🤖 AI Summary
Large language models (LLMs) remain prone to generating harmful content during inference, posing persistent safety risks. Method: This paper proposes BRT-Align, the first framework to integrate backward reachability analysis—a control-theoretic technique—into LLM latent-space modeling. It formulates text generation as a dynamic system, enabling proactive prediction and blocking of unsafe generation trajectories. The method jointly incorporates latent-space autoregressive modeling, backward reachability learning, safety-value function training, and runtime latent-variable filtering to achieve early detection and minimally intrusive, safety-guided generation. Results: Extensive experiments across multiple LLMs and toxicity benchmarks demonstrate that BRT-Align detects unsafe tendencies significantly earlier than state-of-the-art methods, substantially reduces toxic output, and preserves textual diversity, coherence, and semantic fidelity—effectively mitigating aggression, vulgarity, and bias without compromising generation quality.
📝 Abstract
Large language models (LLMs) are now ubiquitous in everyday tools, raising urgent safety concerns about their tendency to generate harmful content.
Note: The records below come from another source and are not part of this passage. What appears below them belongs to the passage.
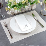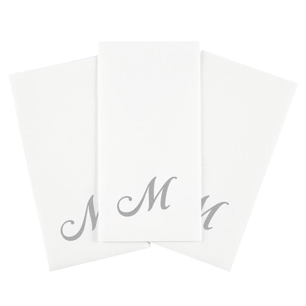 SILVER LETTER M PAPER LINEN-FEEL GUEST TOWEL/NAPKIN - CURSIVE FONT
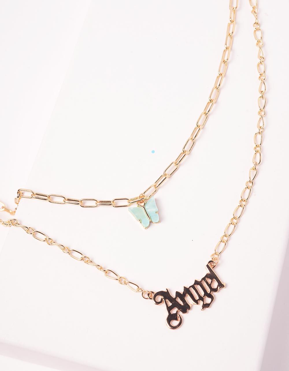 Підвіска із ланцюжків з метеликом та написом Angel
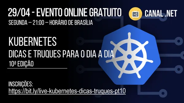 Acompanhe este novo evento ONLINE e GRATUITO no Canal .NET e fique por dentro de diversas dicas e truques extremamente úteis no dia a dia com Kubernetes, ferramentas auxiliares e integração com serviços em nuvem (incluindo o suporte ao AKS – Azure Kubernetes Service) !
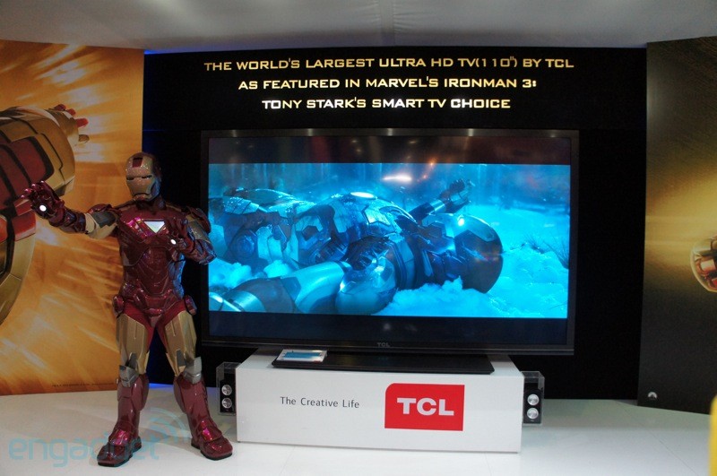 Одним из наиболее примечательных экспонатов стал 110-дюймовый телевизор «China Star» 3D 4K TV, наделённый мультисенсорной ЖК-панелью с разрешением Ultra HD и поддержкой стереоскопического режима. На дисплее с яркостью 800 нит демонстрировался трейлер грядущего фильма Iron Man 3, главный персонаж которого стоял во весь рост перед экраном.
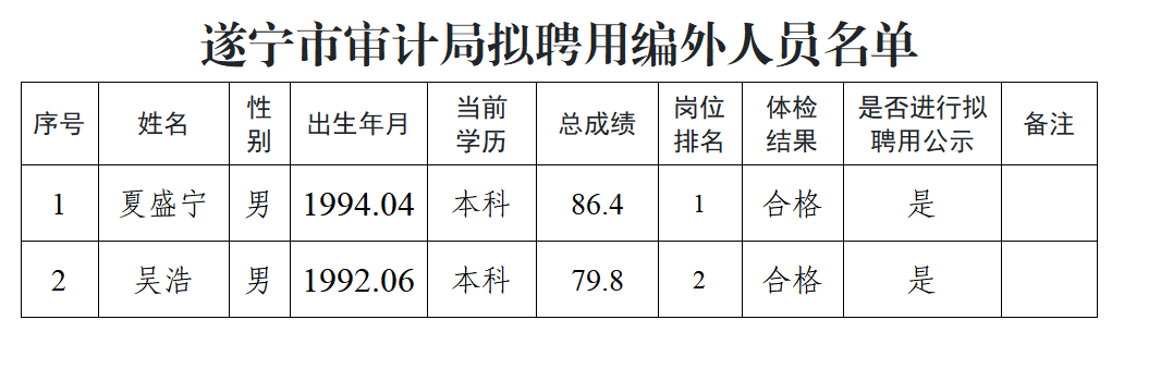 按照“公开、公正、竞争、择优”的原则,经公开招聘、报名、资格审查、面试、体检,拟聘用以下人员为遂宁市审计局编

The dominant safety approach -- reinforcement learning from human feedback (RLHF) -- effectively shapes model behavior during training but offers no safeguards at inference time, where unsafe continuations may still arise. We propose BRT-Align, a reachability-based framework that brings control-theoretic safety tools to LLM inference. BRT-Align models autoregressive generation as a dynamical system in latent space and learn a safety value function via backward reachability, estimating the worst-case evolution of a trajectory. This enables two complementary mechanisms: (1) a runtime monitor that forecasts unsafe completions several tokens in advance, and (2) a least-restrictive steering filter that minimally perturbs latent states to redirect generation away from unsafe regions. Experiments across multiple LLMs and toxicity benchmarks demonstrate that BRT-Align provides more accurate and earlier detection of unsafe continuations than baselines. Moreover, for LLM safety alignment, BRT-Align substantially reduces unsafe generations while preserving sentence diversity and coherence. Qualitative results further highlight emergent alignment properties: BRT-Align consistently produces responses that are less violent, less profane, less offensive, and less politically biased. Together, these findings demonstrate that reachability analysis provides a principled and practical foundation for inference-time LLM safety.